= Anton Schelkopf =

German psychologist

Dr. Anton Schelkopf (aka Dr. Toni Schelkopf, Toni Schelkopf or Schelkopf Toni) (28 April 1914 in Munich - 19 May 1975 in Starnberg) was a German Psychologist doctor who also was among other works a Film Producer in the late 1940s and 1950s.

==Filmography as a producer==
- Rot ist die Liebe (1957) (as Dr. Toni Schelkopf)
- Lola Montès (1955) (uncredited)
- Hungarian Rhapsody (1954) (as Toni Schelkopf)
- School for Marriage (1954)

==Filmography as an assistant director==
- Love on Ice (1950)
- Verspieltes Leben (1949)

==Filmography as a unit manager==
- Vater, unser bestes Stück (1957) (as Schelkopf Toni)

==Filmography as a director==
- School for Marriage (1954)
- Der Traum des Mr. Borton (1960, TV film)

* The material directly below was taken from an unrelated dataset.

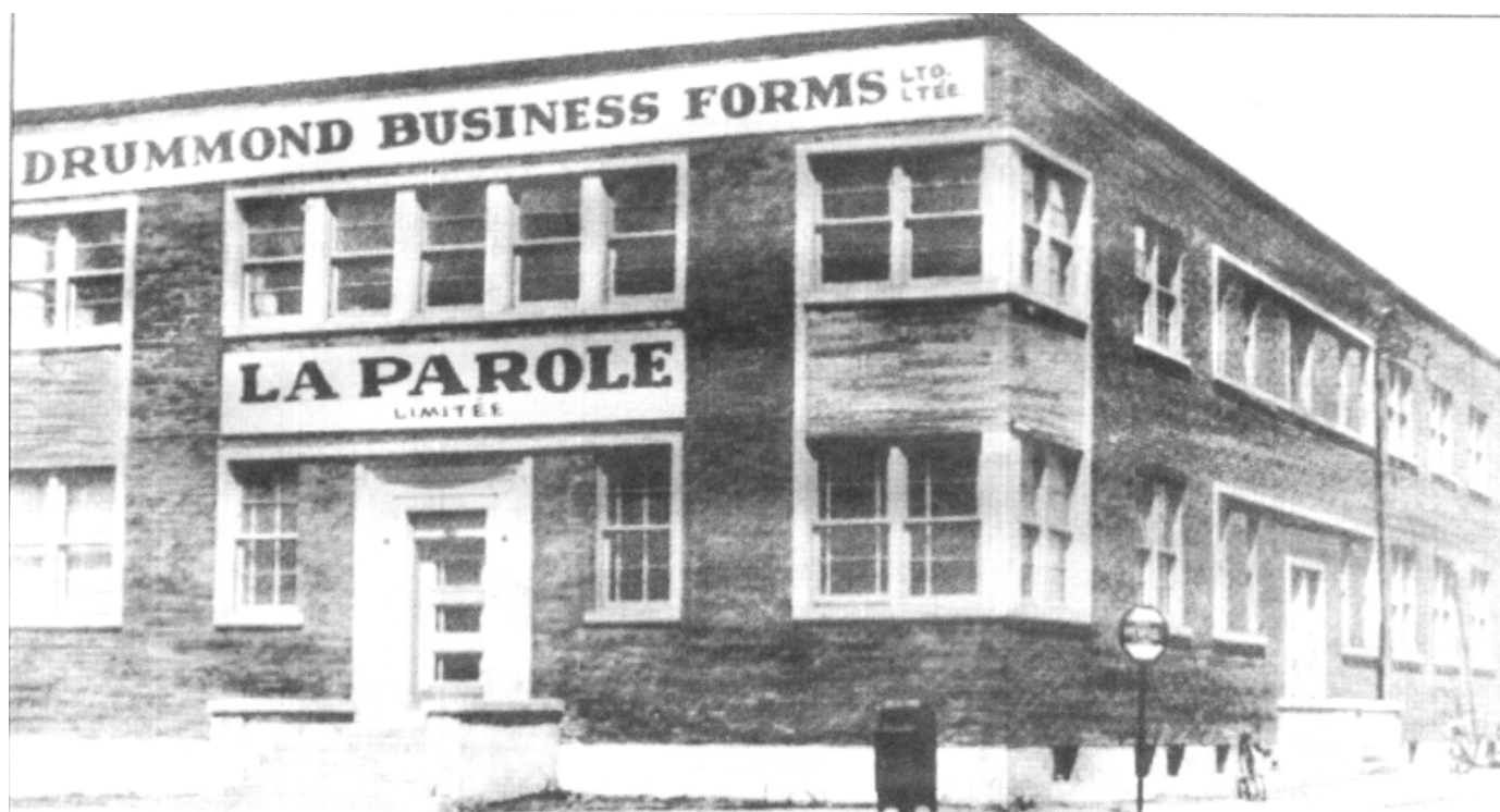
Édifice du journal La Parole , situé à l'époque au 440, rue Hériot (Fonds La Parole, Société d'histoire de Drummondville).

La mesure sociale privilégiée demeure cependant les travaux publics, qui consistent à rémunérer les chômeurs pour leur participation à de grands projets de construction et d'aménagement. Ici encore, c'est le conseil de ville qui définit les critères d'embauche des ouvriers, que ce soit pour les travaux publics ou les différentes industries de Drummondville. Pour ce faire, le gouvernement local met en place un

==Filmography as a writer==
- Love on Ice (1950)

==Family==
He married Cornell Borchers (born Cornelia Bruch or Gerlind Borchers), an actress whom he met when she starred in his films School for Marriage (1954) and Rot ist die Liebe (1957), by whom he had at least one daughter, Julia Schelkopf, born in Munich on 15 September 1962, who married at Aufkirchen on 30 May 1987 HSH Friedrich Wilhelm Philipp Georg Heinrich Jakob 7th Fürst von Hanau und zu Horowitz Graf von Schaumburg, born in Munich on 26 June 1959, and by whom she has three children: HSH Tassilo Hubertus Heinrich Antonius Erbprinz von Hanau und zu Horowitz Erbgraf von Schaumburg (born Starnberg, 8 November 1987), HSH Philippa Maria Theresia Prinzessin von Hanau und zu Horowitz Gräfin von Schaumburg (born Starnberg, 15 January 1989) and HSH Thaddäus Carl Heinrich Prinz von Hanau und zu Horowitz Graf von Schaumburg (born Starnberg, 16 June 1995).